There are few other issues in your code:

1. If you transform with D2Z, your input is a real array(NZ) but the output is a complex (NZ/2+1).

! allocate arrays where fft and ifft will be performed 1-d
allocate(a_d(nz),b_d(nz/2+1))

1. The wave numbers should be multiplied by 2*pi and the loop should go only up to nz/2+1. Also leave the configuration call to the compiler, 1024 threads may not be a good choice

!\$cuf kernel do <<<*,*>>>
do i=1,nz/2+1
k=i
if(k.ge.1.and.k.le.nz/2) then
kz=2.d0*pi*dble(k-1)
else
kz=2.d0*pi*dble(-nz+k-1)
endif

1. Your initial array is causing the issue at the boundary. If you initialize like this,
you will get a good match ( deriv_ref is the analytical derivative).

! create signal with wavenumbers 1 and 4
do i=1,nz
a(i)=cos(2.d0*pi*dble(i-1)/(dble(nz)))+cos(4*2.d0*pi*dble(i-1)/(dble(nz)))
deriv_ref(i)=-4.d0*pi*pi*cos(2.d0*pi*dble(i-1)/(dble(nz)))-64.d0*pi*pi*cos(4*2.d0*pi*dble(i-1)/(dble(nz)))
enddo

1. I would also put the scaling 1/nz in the derivative.

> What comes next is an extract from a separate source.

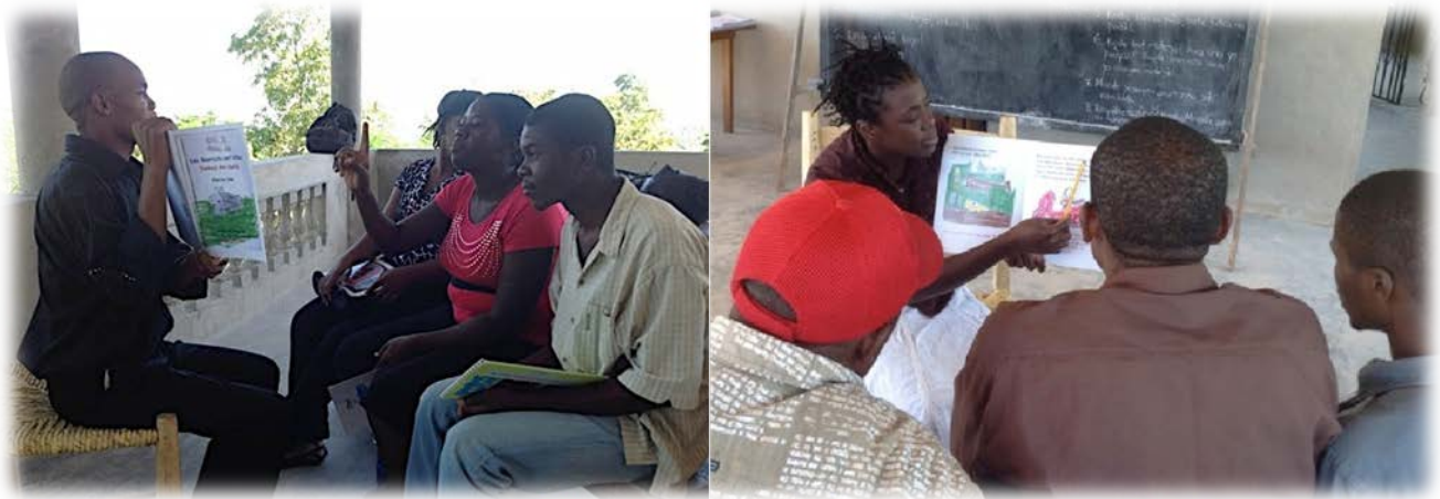
Pwofesè yo ap pratike teknik la.

Lekti entèraktif a wot vwa se yon pwosesis kote pwofesè li yon bon tèks pou klas li. Li prepare ann avans ki lè l ap poze kesyon nan mitan istwa a pou l ankouraje ti moun yo reflechi epi diskite istwa a ansanm. Yon anbyans kote ti moun yo chita alèz nan wonn oswa an gwoup devan pwofesè a, sa enpòtan anpil. Pwofesè a dwe itilize teknik sa a pou l li liv lang manman yo ansanm ak nenpòt lòt tèks elèv yo gen pou yo li. Pwofesè a dwe gen 20 minit chak jou nan orè klas la pou l li pou elèv yo a wot vwa. Souvan, pwofesè yo konn fè aktivite sa a apre rekreyasyon fèk fini pou ede klas la rekonsantre sou devwa yo.

If you compare the computed derivative to the reference, you will see an absolute error of 10^-5

Thank you mfatica. Your suggestions worked.
VT

On a second thought, the signal shouldn’t be initialized as
cos(2.d0pidble(i-1)/(dble(nz-1)))+cos(42.d0pi*dble(i-1)/(dble(nz-1))) so we can generate a signal in the whole domain 2pi?

Do a simple experiment.
Your signal by construction should have a transform where only k=1 and k=4 have a peak of 1/2 ( or since cufft does not scale N/2)., corresponding to the two cosines.
Now transform your definition and the one I used and see which one is giving the expected results.